» **Task goal**
The listing below must be returned in full and unchanged, without the images it carries.

» **Dataset content**
○ ○ ○ ○ ○ ○ ○
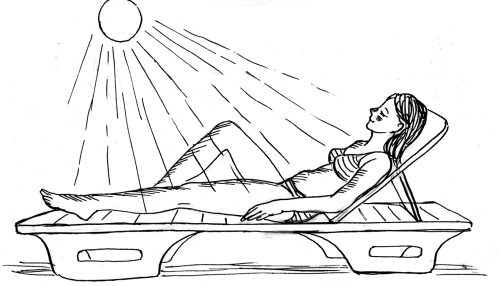 Во-вторых, правильно дозируй время облучения, чтобы не вызвать ожога. Начинай постепенно, примерно с 10–15 минут для прямых лучей и до получаса при загаре в тени. Затем длительность «сеансов» постепенно увеличивают, на пять-семь минут в день, доводя до нескольких часов. Помни, наиболее полезно загорать ранним утром, с 8 до 10, и вечером, с 17 до 19. Для большей безопасности можно начать прием солнечных ванн загодя, с середины весны, когда солнце еще не такое «жгучее».
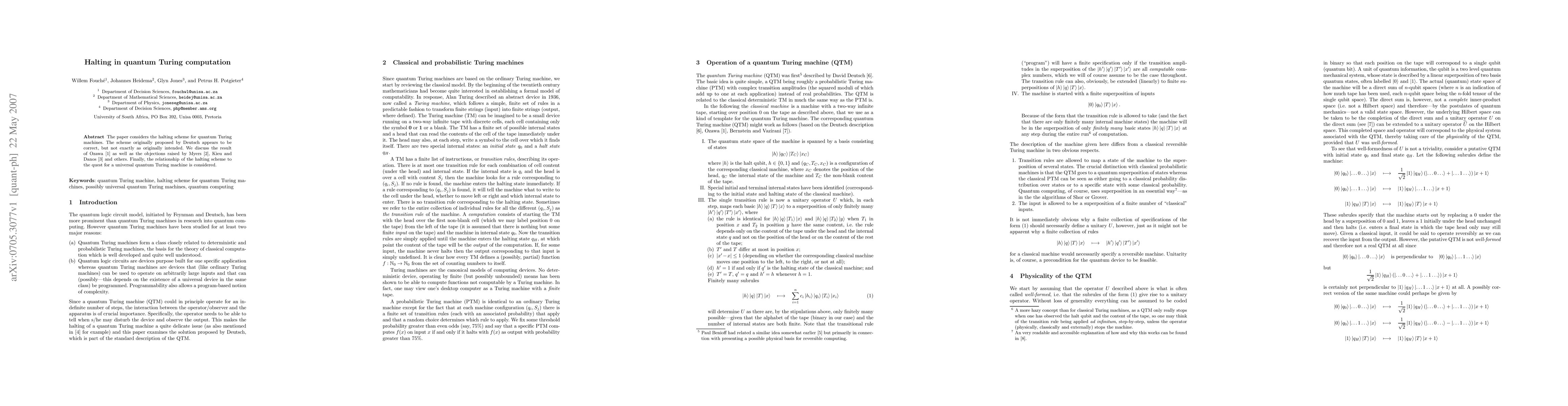 This paper examines the halting problem for quantum Turing machines, confirming the validity of Deutsch's scheme while addressing Ozawa's results and objections from Myers, Kieu, and Danos. It also explores the connection between the halting scheme and the development of a universal quantum Turing machine.
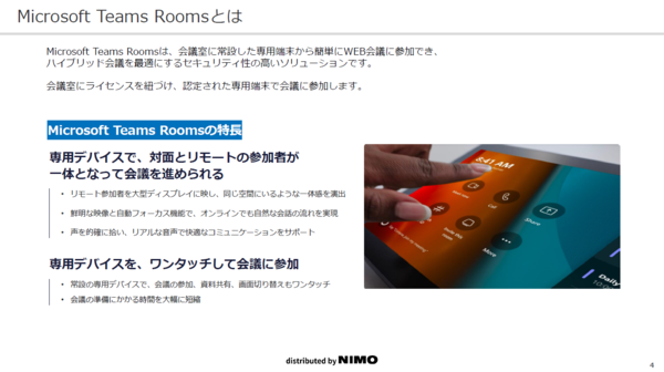 本体と11.6型のタッチパネルコントロールのセットがセットで提供され、ディスプレイに接続するだけでMicrosoft Teams Roomsを利用できる。個人のPCやスマホで会議に参加するMicrosoft Teamsに対し、Microsoft Teams Roomsは会議室単位にライセンスを付与し、Microsoft Teams Rooms認定デバイスで会議に参加する。会議室に入れば自動的に電源がつき、デバイスのパネルにタッチするだけで会議が開始できる。
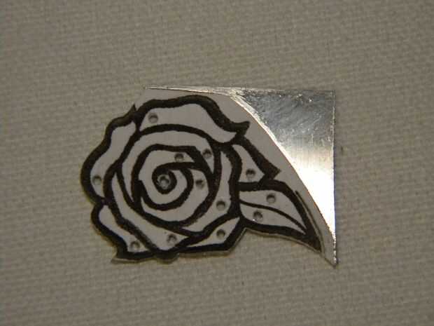 Comencé cortando el exterior de la pieza. Asegúrese de que usted corte lo más cerca de la línea como sea posible sin entrar en él. Usted puede siempre volver sobre él con un archivo hasta que se para arriba si es necesario. Es mucho más difícil agregar material que para tomar distancia. Guardar todo lo que usted corte lejos, si no para la reutilización de reciclaje de chatarra. La pieza más grande que salió, que puedo usar como la base de un bisel. Empiezo con la forma exterior, por lo que estoy quitando las secciones más grandes antes de que la hoja se muy delicada.
○ ○ ○ ○ ○ ○ ○
» **Result for this exercise**
 Во-вторых, правильно дозируй время облучения, чтобы не вызвать ожога. Начинай постепенно, примерно с 10–15 минут для прямых лучей и до получаса при загаре в тени. Затем длительность «сеансов» постепенно увеличивают, на пять-семь минут в день, доводя до нескольких часов. Помни, наиболее полезно загорать ранним утром, с 8 до 10, и вечером, с 17 до 19. Для большей безопасности можно начать прием солнечных ванн загодя, с середины весны, когда солнце еще не такое «жгучее».
 This paper examines the halting problem for quantum Turing machines, confirming the validity of Deutsch's scheme while addressing Ozawa's results and objections from Myers, Kieu, and Danos. It also explores the connection between the halting scheme and the development of a universal quantum Turing machine.
 本体と11.6型のタッチパネルコントロールのセットがセットで提供され、ディスプレイに接続するだけでMicrosoft Teams Roomsを利用できる。個人のPCやスマホで会議に参加するMicrosoft Teamsに対し、Microsoft Teams Roomsは会議室単位にライセンスを付与し、Microsoft Teams Rooms認定デバイスで会議に参加する。会議室に入れば自動的に電源がつき、デバイスのパネルにタッチするだけで会議が開始できる。
 Comencé cortando el exterior de la pieza. Asegúrese de que usted corte lo más cerca de la línea como sea posible sin entrar en él. Usted puede siempre volver sobre él con un archivo hasta que se para arriba si es necesario. Es mucho más difícil agregar material que para tomar distancia. Guardar todo lo que usted corte lejos, si no para la reutilización de reciclaje de chatarra. La pieza más grande que salió, que puedo usar como la base de un bisel. Empiezo con la forma exterior, por lo que estoy quitando las secciones más grandes antes de que la hoja se muy delicada.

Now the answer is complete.